§ Assigned task
Give back each line of the data exactly as it reads, minus the pictures.

§ Data shown
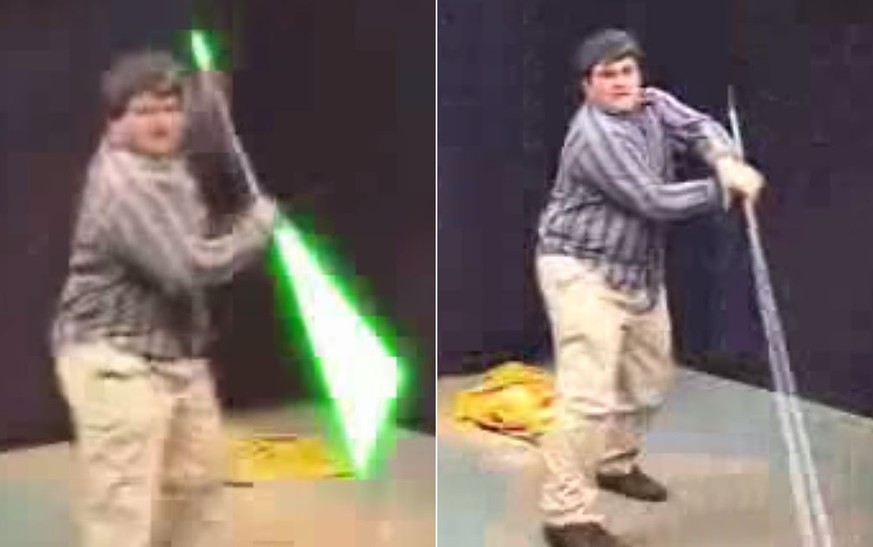 Einmal mit und einmal ohne Laserschwert.screenshot: youtube/jim love
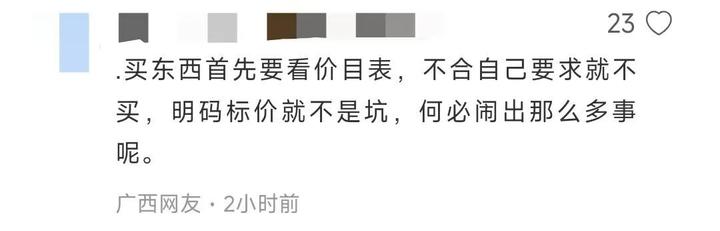 对此,有网友认为市场行为,明码标价,顾客应该先看价目表。
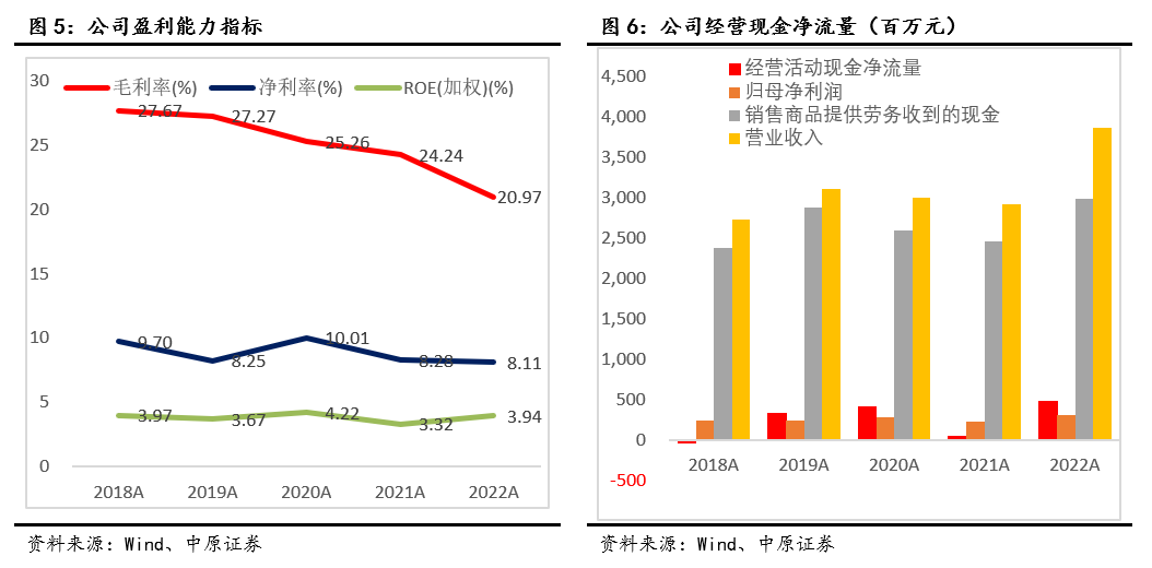 公司2022年毛利率20.97%,同比下降了3.27个百分点;净利率8.11%,同比下降0.17个百分点;加权ROE为3.94%,同比上升0.62个百分点。公司毛利率波动主要原因是产品结构变化导致,无人机业务增长121.27%,毛利率提升5.77个百分点,但电子元器件业务毛利率大幅下滑,拖累公司整体毛利率。
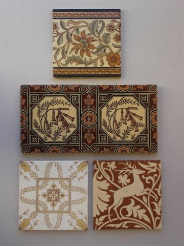 MINTON - 5 CARREAUX en faïence imprimée : paire à décor de fleurs dans un entrelac octogonal sur fond brun ; cerf ; frise florale et décor stylisé. Marqués.
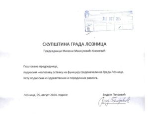 Kako je naveo u obražloženju predsjednici Skupštine opštine Loznica, Mileni Manojlović-Knežević ostavku podnosi iz zdravstvenih i porodičnih razloga. Datum na dokumentu ostavke, koji je Danas dobio, je 5. avgust.
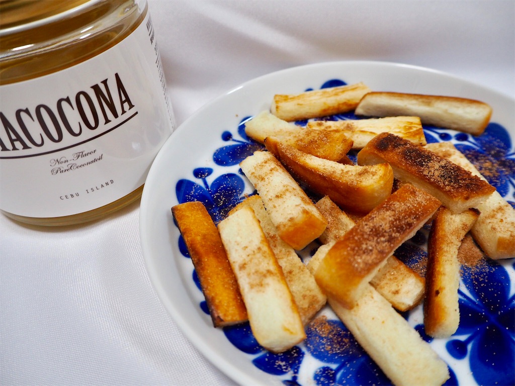 シナモンシュガーを振ってみましたがそれもまた美味しく、PIACOCONAとの相性もよかったです。
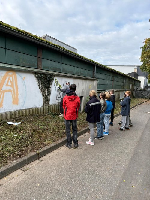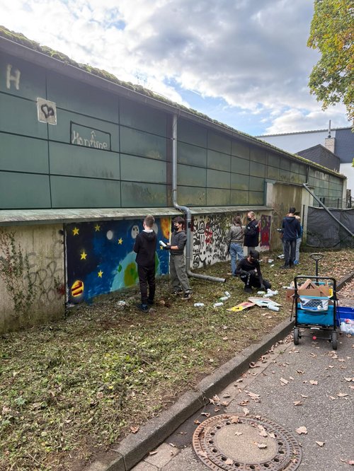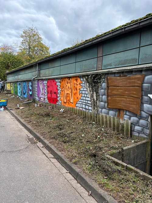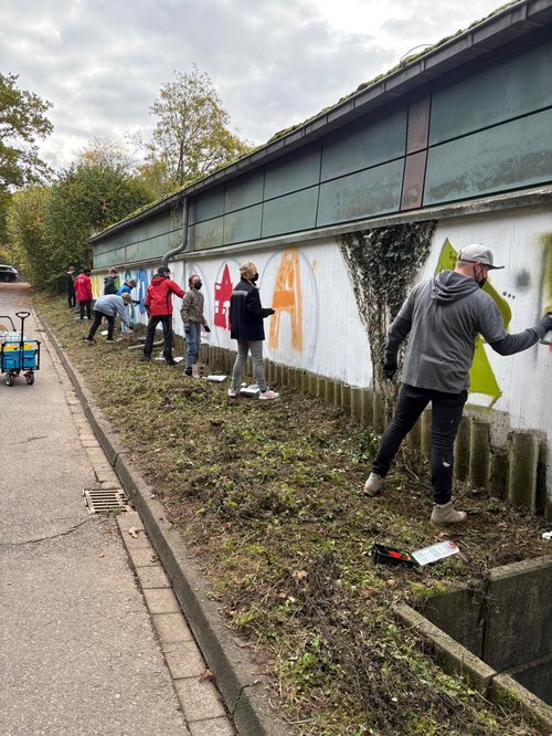 Ein besonderer Moment war für alle, als sie nach Fertigstellung der Hauptfläche die restliche Wand frei gestalten durften – ganz ohne Vorgaben. „Da hat man gespürt, wie viel Selbstvertrauen und Stolz in kurzer Zeit gewachsen sind", so Lohr.
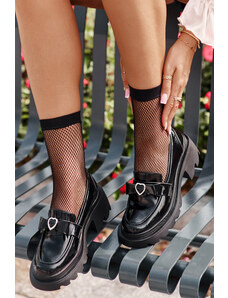 S. BARSKI Kožené Dámské Mokasíny S Mašlí A Srdcem D&A Černé
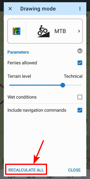 Each profile has additional parameters that influence the route progress - terrain difficulty, ferries, steps, cycle paths preference, wet conditions… To customize the parameters, long-press the route profile button and adjust what you need:
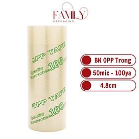 Băng Keo Trong Gói Quà 4.7cm x 100ya x 50mic - Kích thước: Rộng 4.7cm (tương đương ~48mm) - Chiều dài: 100 ya (khoảng 91 mét) - Độ dày: 50 mic (micron) - Chất liệu:
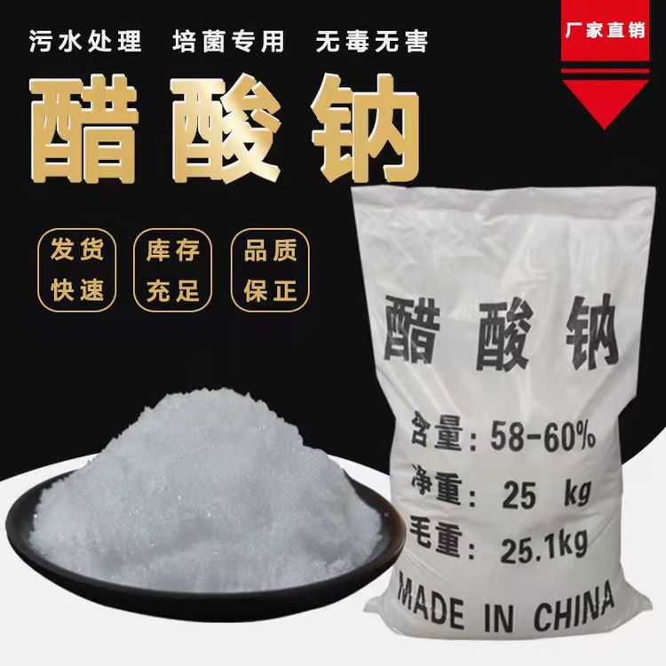 乙酸鈉,又稱醋酸鈉,是一種有機物,分子式為CH3COONa,分子量為82.03。三水合物乙酸鈉性狀為白色結晶體,相對密度1.45,熔點為58℃,在干燥空氣中風化,在120℃時失去結晶水,溫度再高時分解;無水乙酸鈉為無色透明結晶體,熔點324℃。易溶于水,可用于作緩沖劑、媒染劑,用于鉛銅鎳鐵的測定,培養基配制,有機合成,影片洗印等。
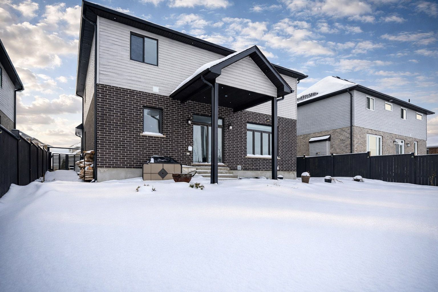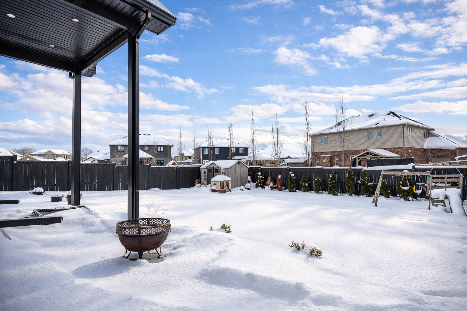 Welcome to your dream home in lucan, ontario! With parks, schools, and amenities just minutes away, this property offers the ideal lifestyle for families and professionals alike. From the moment you step inside, it's clear this home surpasses any builder base model. The main floor features soaring 10-foot ceilings and elegant 8-foot doors, creating a bright and inviting atmosphere throughout. The front office-with its impressive and grand window offers a serene space drenched in natural light, accented by a coffered ceiling that's mirrored in the formal dining room. The upgraded kitchen is a true showstopper with elongated cabinets, quartz countertops, subway tile backsplash, built-in appliances, an induction cooktop and tasteful accent panels on the island. The butler's pantry-with lovely glass cabinets, quartz counters, and a bar fridge flow seamlessly to the formal dining space. Throughout the main floor, you'll find hardwood and tile flooring, along with a cozy gas fireplace featuring a refined, upgraded trim surround. The hardwood staircase leads to an upper level filled with style and comfort, including a beautiful primary suite complete with a walk-in closet and a luxurious 5-piece ensuite. Three additional bedrooms each feature their own walk-in closets, while the spacious main bathroom impresses with a custom quartz double vanity and an upgraded tiled shower with glass enclosure. The basement offers incredible potential, featuring nearly 9-foot ceilings, oversized windows, and a bathroom rough-in-a perfect blank canvas for creating your dream recreational space. Outside, the attention to detail continues. The fully fenced backyard features stained wood fencing with metal side gates, a covered overhang with a concrete patio that stretches the length of the home and wraps gracefully to the front. The irrigation system ensures your home stands out even in the summer heat. At this price point, you simply couldn't replicate this home today with these upgrades
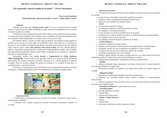 REVISTA NAȚIONALĂ „ PRO-GT ” NR . 2 / 2023 „ Fii responsabil , respectă regulile de circulație !” – Proiect educaţional
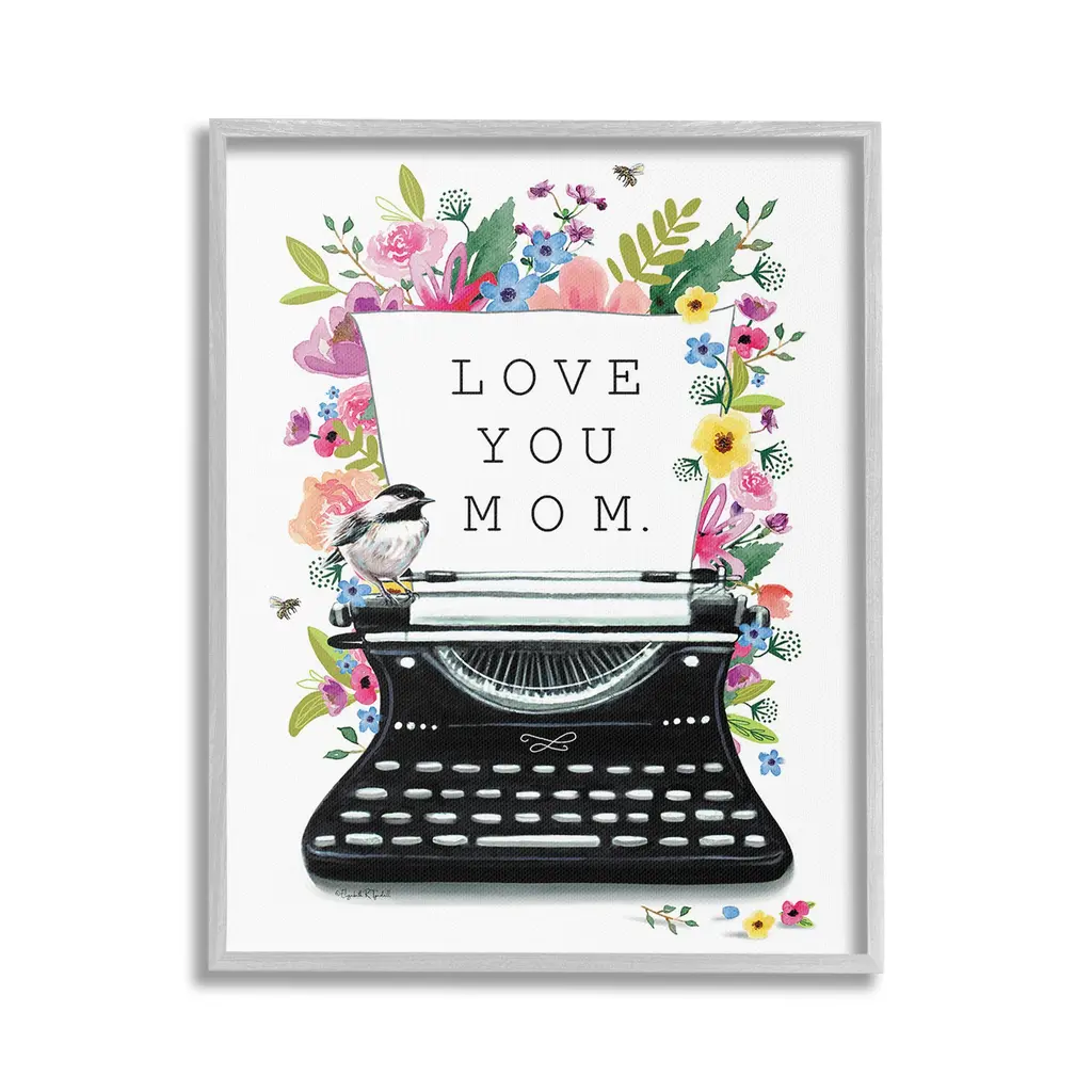 Stupell Love You Mom Typewriter Framed Giclee Art Design By Elizabeth Tyndall - 24 X 30 - Grey

§ Answer space
 Einmal mit und einmal ohne Laserschwert.screenshot: youtube/jim love
 对此,有网友认为市场行为,明码标价,顾客应该先看价目表。
 公司2022年毛利率20.97%,同比下降了3.27个百分点;净利率8.11%,同比下降0.17个百分点;加权ROE为3.94%,同比上升0.62个百分点。公司毛利率波动主要原因是产品结构变化导致,无人机业务增长121.27%,毛利率提升5.77个百分点,但电子元器件业务毛利率大幅下滑,拖累公司整体毛利率。
 MINTON - 5 CARREAUX en faïence imprimée : paire à décor de fleurs dans un entrelac octogonal sur fond brun ; cerf ; frise florale et décor stylisé. Marqués.
 Kako je naveo u obražloženju predsjednici Skupštine opštine Loznica, Mileni Manojlović-Knežević ostavku podnosi iz zdravstvenih i porodičnih razloga. Datum na dokumentu ostavke, koji je Danas dobio, je 5. avgust.
 シナモンシュガーを振ってみましたがそれもまた美味しく、PIACOCONAとの相性もよかったです。
 Ein besonderer Moment war für alle, als sie nach Fertigstellung der Hauptfläche die restliche Wand frei gestalten durften – ganz ohne Vorgaben. „Da hat man gespürt, wie viel Selbstvertrauen und Stolz in kurzer Zeit gewachsen sind", so Lohr.
 S. BARSKI Kožené Dámské Mokasíny S Mašlí A Srdcem D&A Černé
 Each profile has additional parameters that influence the route progress - terrain difficulty, ferries, steps, cycle paths preference, wet conditions… To customize the parameters, long-press the route profile button and adjust what you need:
 Băng Keo Trong Gói Quà 4.7cm x 100ya x 50mic - Kích thước: Rộng 4.7cm (tương đương ~48mm) - Chiều dài: 100 ya (khoảng 91 mét) - Độ dày: 50 mic (micron) - Chất liệu:
 乙酸鈉,又稱醋酸鈉,是一種有機物,分子式為CH3COONa,分子量為82.03。三水合物乙酸鈉性狀為白色結晶體,相對密度1.45,熔點為58℃,在干燥空氣中風化,在120℃時失去結晶水,溫度再高時分解;無水乙酸鈉為無色透明結晶體,熔點324℃。易溶于水,可用于作緩沖劑、媒染劑,用于鉛銅鎳鐵的測定,培養基配制,有機合成,影片洗印等。
 Welcome to your dream home in lucan, ontario! With parks, schools, and amenities just minutes away, this property offers the ideal lifestyle for families and professionals alike. From the moment you step inside, it's clear this home surpasses any builder base model. The main floor features soaring 10-foot ceilings and elegant 8-foot doors, creating a bright and inviting atmosphere throughout. The front office-with its impressive and grand window offers a serene space drenched in natural light, accented by a coffered ceiling that's mirrored in the formal dining room. The upgraded kitchen is a true showstopper with elongated cabinets, quartz countertops, subway tile backsplash, built-in appliances, an induction cooktop and tasteful accent panels on the island. The butler's pantry-with lovely glass cabinets, quartz counters, and a bar fridge flow seamlessly to the formal dining space. Throughout the main floor, you'll find hardwood and tile flooring, along with a cozy gas fireplace featuring a refined, upgraded trim surround. The hardwood staircase leads to an upper level filled with style and comfort, including a beautiful primary suite complete with a walk-in closet and a luxurious 5-piece ensuite. Three additional bedrooms each feature their own walk-in closets, while the spacious main bathroom impresses with a custom quartz double vanity and an upgraded tiled shower with glass enclosure. The basement offers incredible potential, featuring nearly 9-foot ceilings, oversized windows, and a bathroom rough-in-a perfect blank canvas for creating your dream recreational space. Outside, the attention to detail continues. The fully fenced backyard features stained wood fencing with metal side gates, a covered overhang with a concrete patio that stretches the length of the home and wraps gracefully to the front. The irrigation system ensures your home stands out even in the summer heat. At this price point, you simply couldn't replicate this home today with these upgrades
 REVISTA NAȚIONALĂ „ PRO-GT ” NR . 2 / 2023 „ Fii responsabil , respectă regulile de circulație !” – Proiect educaţional
 Stupell Love You Mom Typewriter Framed Giclee Art Design By Elizabeth Tyndall - 24 X 30 - Grey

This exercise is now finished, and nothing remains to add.